What the task asks =
An exact copy is needed of the lines in the entries below from the line with "湖北日报讯(记者韩晓玲、通讯" up to and including the line with "ARG多樣性也隨著水從污水處", and of nothing else. Leave the pictures out.

Stored data:
= Beginning of Section =
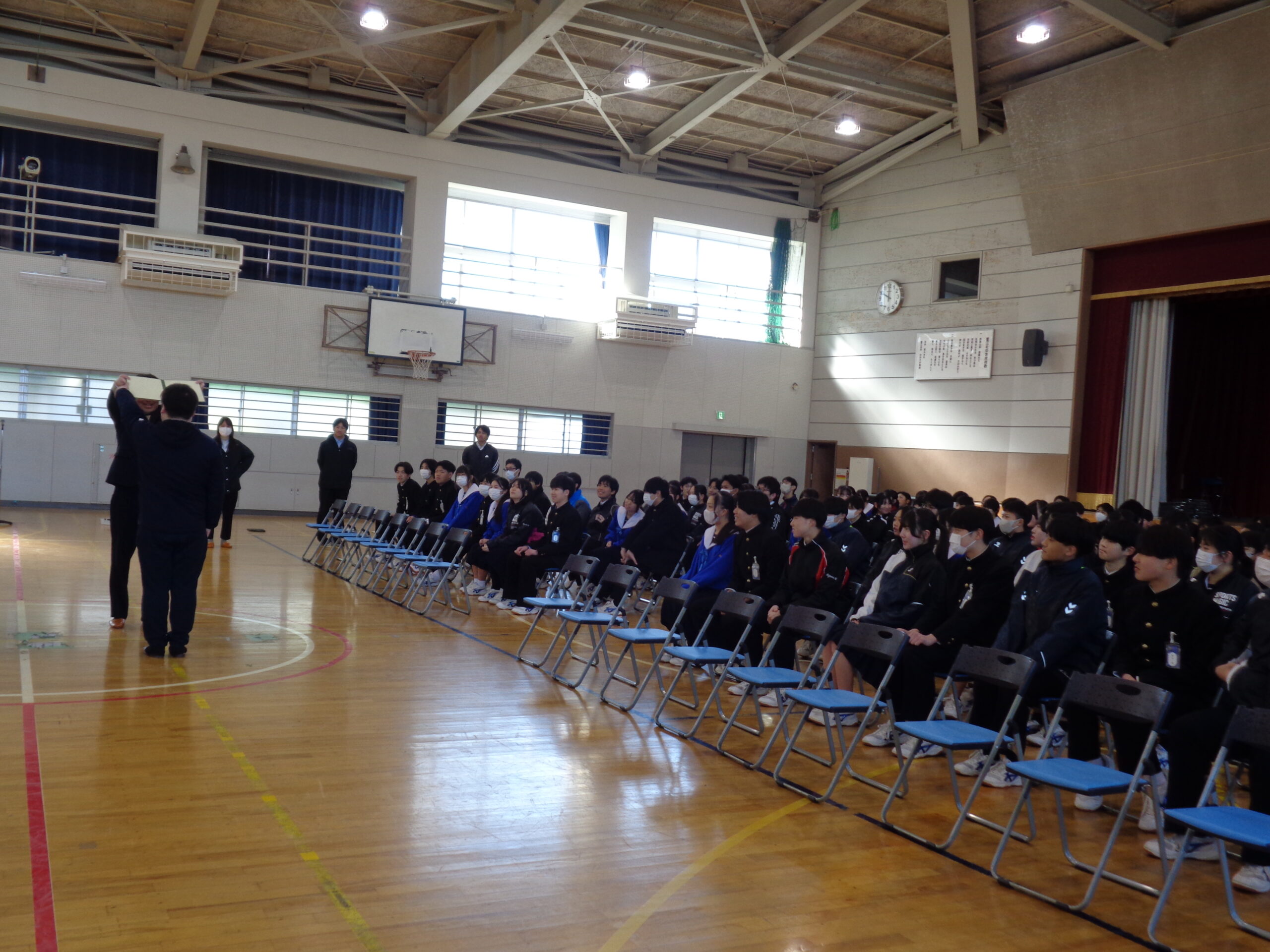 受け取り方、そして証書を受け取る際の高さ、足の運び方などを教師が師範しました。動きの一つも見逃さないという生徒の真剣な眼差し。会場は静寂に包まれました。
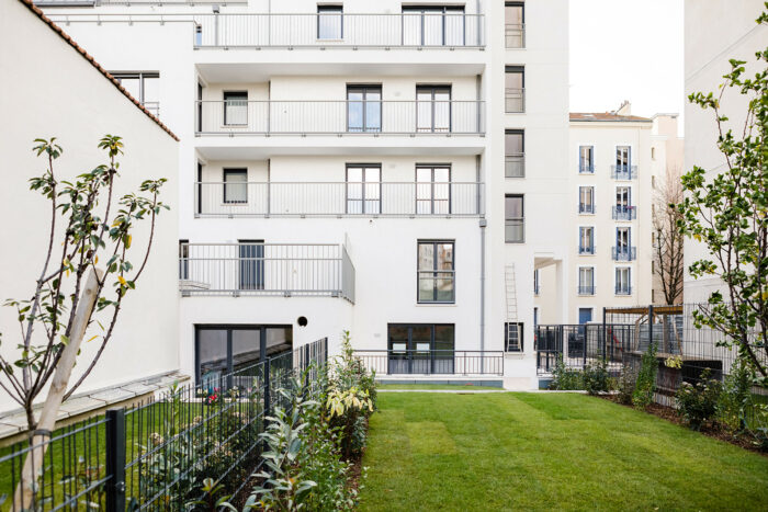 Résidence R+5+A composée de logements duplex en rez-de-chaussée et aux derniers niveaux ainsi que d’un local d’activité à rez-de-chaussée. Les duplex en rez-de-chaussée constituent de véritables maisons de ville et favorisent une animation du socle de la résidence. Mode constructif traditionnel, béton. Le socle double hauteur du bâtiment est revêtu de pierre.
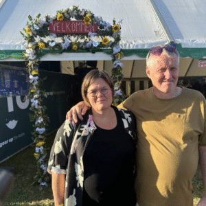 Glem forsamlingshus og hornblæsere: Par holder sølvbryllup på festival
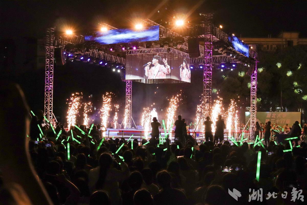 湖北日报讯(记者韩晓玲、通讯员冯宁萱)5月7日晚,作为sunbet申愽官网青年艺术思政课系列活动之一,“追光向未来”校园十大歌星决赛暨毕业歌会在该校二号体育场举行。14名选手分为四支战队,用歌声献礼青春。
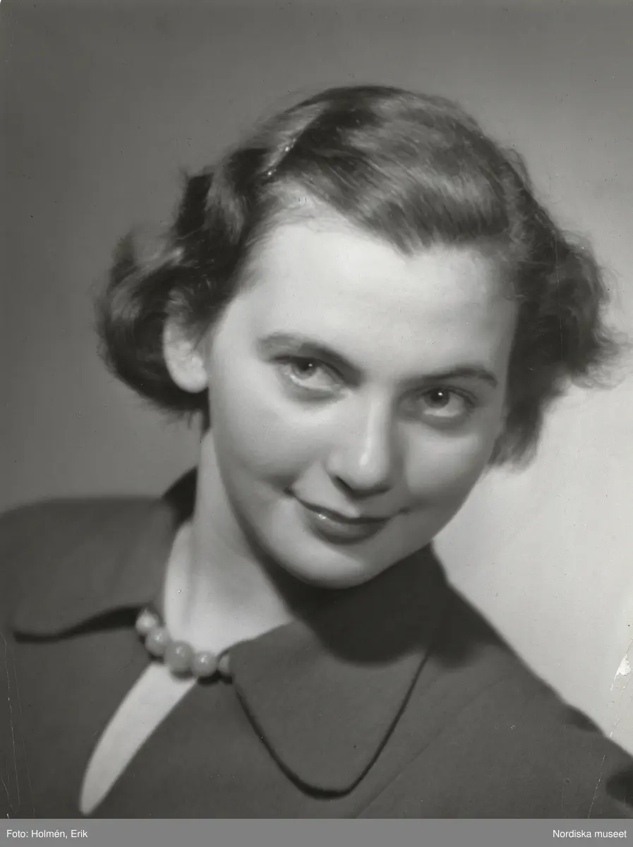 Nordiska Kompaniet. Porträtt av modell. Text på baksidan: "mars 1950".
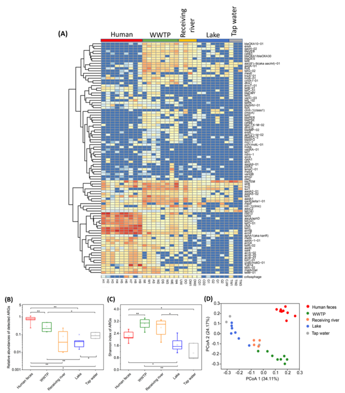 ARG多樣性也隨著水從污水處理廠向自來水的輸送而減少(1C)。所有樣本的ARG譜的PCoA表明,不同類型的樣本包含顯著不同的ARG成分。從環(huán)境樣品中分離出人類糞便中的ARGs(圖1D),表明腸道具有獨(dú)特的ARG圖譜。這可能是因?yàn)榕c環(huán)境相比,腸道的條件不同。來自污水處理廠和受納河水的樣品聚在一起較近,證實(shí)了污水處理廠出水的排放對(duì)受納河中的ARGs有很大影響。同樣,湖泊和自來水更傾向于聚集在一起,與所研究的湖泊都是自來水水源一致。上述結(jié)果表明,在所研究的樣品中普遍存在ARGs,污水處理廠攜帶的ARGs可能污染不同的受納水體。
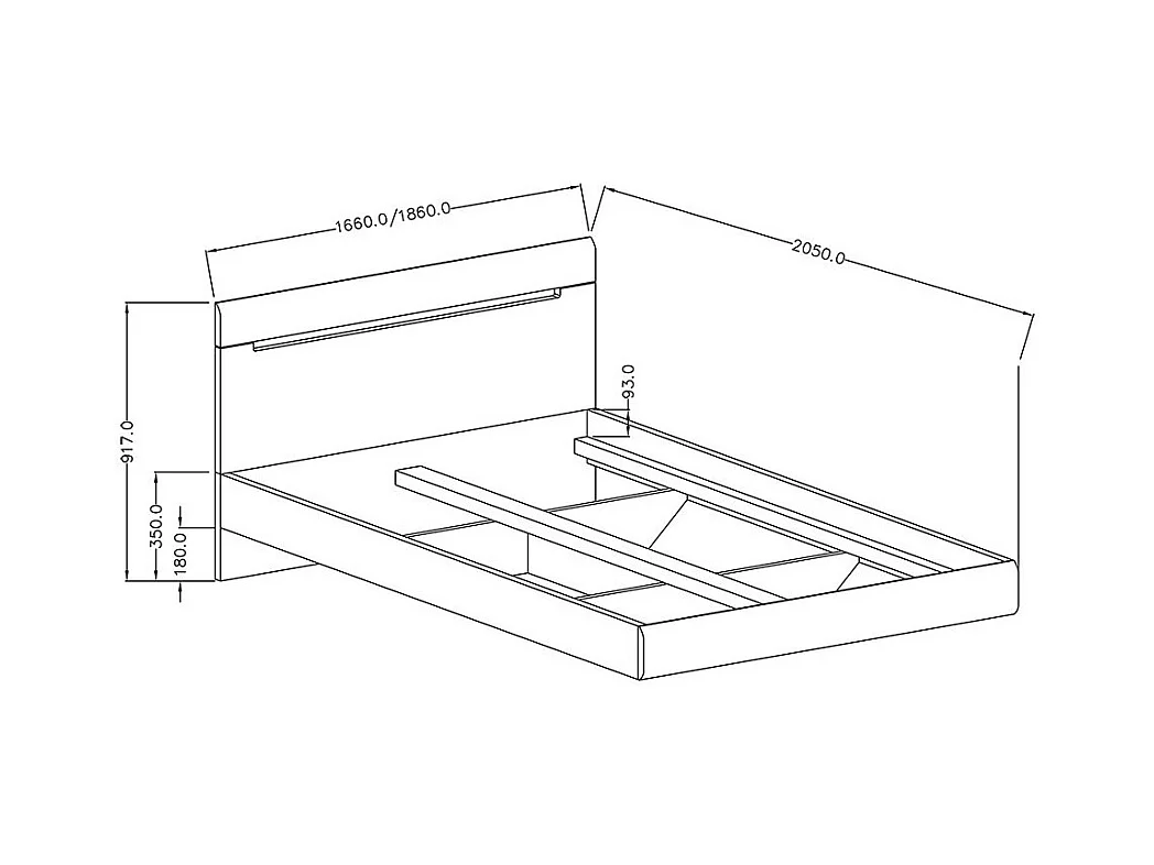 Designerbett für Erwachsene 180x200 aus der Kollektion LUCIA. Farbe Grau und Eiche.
= End of Section =
Answer to the exercise =
 湖北日报讯(记者韩晓玲、通讯员冯宁萱)5月7日晚,作为sunbet申愽官网青年艺术思政课系列活动之一,“追光向未来”校园十大歌星决赛暨毕业歌会在该校二号体育场举行。14名选手分为四支战队,用歌声献礼青春。
 Nordiska Kompaniet. Porträtt av modell. Text på baksidan: "mars 1950".
 ARG多樣性也隨著水從污水處理廠向自來水的輸送而減少(1C)。所有樣本的ARG譜的PCoA表明,不同類型的樣本包含顯著不同的ARG成分。從環(huán)境樣品中分離出人類糞便中的ARGs(圖1D),表明腸道具有獨(dú)特的ARG圖譜。這可能是因?yàn)榕c環(huán)境相比,腸道的條件不同。來自污水處理廠和受納河水的樣品聚在一起較近,證實(shí)了污水處理廠出水的排放對(duì)受納河中的ARGs有很大影響。同樣,湖泊和自來水更傾向于聚集在一起,與所研究的湖泊都是自來水水源一致。上述結(jié)果表明,在所研究的樣品中普遍存在ARGs,污水處理廠攜帶的ARGs可能污染不同的受納水體。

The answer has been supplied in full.